In cryptography, it is common to consider the entropy of a generator as the unknown input to that generator. It would be equivalent to the seed or key for a RNG. So for a common AES-128 counter based CSPRNG, the entropy would be 128 bits. The output distribution is irrelevant where cryptographic entropy is concerned, although most RNGs in their original forms do produce uniform output. They would be difficult to use for encryption otherwise.
So the Mersenne Twister(MT) has high entropy.

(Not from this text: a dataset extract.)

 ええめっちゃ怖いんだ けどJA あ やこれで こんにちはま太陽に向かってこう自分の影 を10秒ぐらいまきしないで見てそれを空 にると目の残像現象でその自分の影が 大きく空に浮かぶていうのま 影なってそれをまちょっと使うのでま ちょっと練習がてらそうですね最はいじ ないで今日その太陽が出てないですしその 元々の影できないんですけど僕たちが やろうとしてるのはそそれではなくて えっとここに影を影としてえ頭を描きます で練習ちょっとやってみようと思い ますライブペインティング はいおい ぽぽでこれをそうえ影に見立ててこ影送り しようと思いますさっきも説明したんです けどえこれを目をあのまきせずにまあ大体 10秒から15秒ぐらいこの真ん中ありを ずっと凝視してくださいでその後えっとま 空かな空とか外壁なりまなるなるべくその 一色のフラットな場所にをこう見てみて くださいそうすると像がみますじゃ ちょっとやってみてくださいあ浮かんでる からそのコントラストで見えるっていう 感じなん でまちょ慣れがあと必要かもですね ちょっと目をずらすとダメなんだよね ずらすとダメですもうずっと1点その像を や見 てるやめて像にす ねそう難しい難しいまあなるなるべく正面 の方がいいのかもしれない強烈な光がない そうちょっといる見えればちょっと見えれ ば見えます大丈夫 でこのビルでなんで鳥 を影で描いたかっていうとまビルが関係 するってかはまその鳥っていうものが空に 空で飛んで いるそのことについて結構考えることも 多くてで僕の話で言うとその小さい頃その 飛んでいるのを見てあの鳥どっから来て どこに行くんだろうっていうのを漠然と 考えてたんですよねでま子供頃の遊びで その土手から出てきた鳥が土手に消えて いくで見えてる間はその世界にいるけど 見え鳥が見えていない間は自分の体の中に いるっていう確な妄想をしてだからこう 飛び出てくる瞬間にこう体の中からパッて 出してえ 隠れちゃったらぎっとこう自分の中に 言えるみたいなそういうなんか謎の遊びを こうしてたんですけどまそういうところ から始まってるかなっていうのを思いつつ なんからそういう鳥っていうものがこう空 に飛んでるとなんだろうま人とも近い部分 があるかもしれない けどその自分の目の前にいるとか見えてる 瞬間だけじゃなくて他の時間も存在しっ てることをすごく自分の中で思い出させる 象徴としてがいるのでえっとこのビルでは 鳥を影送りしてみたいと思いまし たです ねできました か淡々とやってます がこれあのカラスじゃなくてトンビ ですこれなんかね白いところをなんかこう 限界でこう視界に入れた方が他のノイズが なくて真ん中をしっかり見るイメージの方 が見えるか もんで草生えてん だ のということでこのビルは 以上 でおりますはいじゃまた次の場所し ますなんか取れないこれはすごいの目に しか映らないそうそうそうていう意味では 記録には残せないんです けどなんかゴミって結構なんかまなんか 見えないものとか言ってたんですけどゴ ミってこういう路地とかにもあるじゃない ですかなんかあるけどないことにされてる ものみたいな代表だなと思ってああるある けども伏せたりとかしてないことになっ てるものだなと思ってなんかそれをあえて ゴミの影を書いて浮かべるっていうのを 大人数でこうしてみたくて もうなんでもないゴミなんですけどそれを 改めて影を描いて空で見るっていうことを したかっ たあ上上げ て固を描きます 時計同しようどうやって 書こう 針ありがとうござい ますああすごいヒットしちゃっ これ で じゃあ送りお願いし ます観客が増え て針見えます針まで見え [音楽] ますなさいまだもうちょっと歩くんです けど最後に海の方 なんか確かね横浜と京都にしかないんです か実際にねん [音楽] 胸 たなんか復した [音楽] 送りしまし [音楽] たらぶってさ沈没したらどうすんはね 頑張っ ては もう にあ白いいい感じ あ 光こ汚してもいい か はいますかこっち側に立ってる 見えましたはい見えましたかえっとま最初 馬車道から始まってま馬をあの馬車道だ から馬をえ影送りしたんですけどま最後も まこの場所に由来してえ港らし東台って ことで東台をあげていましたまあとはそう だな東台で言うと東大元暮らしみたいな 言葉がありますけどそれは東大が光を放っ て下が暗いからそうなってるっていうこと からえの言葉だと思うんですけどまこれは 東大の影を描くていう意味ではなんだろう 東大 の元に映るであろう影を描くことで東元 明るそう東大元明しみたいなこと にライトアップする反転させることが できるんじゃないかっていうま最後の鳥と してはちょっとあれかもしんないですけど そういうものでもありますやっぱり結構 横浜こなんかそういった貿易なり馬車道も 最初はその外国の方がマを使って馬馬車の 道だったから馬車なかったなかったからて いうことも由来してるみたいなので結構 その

Ish. It starts out high with an entropy of 19,937 bits for the common 32 bit implementation. However MT is invertable and the state can be discovered by looking at sufficient output. Observing 624 output words from MT allows the internal state to be discovered. Consequently the entropy reduces by 32 bits per output word, reaching zero after 624 outputs. Any subsequent output is entirely predictable. The leftover hash lemma applies to MT outputs less than 624 words, when it would be acting as a very inefficient randomness extractor.
What's the relationship between entropy and predictability?
In cryptography generally, entropy = unpredictability = surprisal. That is necessary for seeding RNGs and creating keys. A cryptographer strives for unpredictable RNG sequences and unknown keys. A CSPRNG cannot be inverted, the seed/key cannot be recovered and thus the entropy, unpredictability and surprisal of output is preserved no matter the length of said output.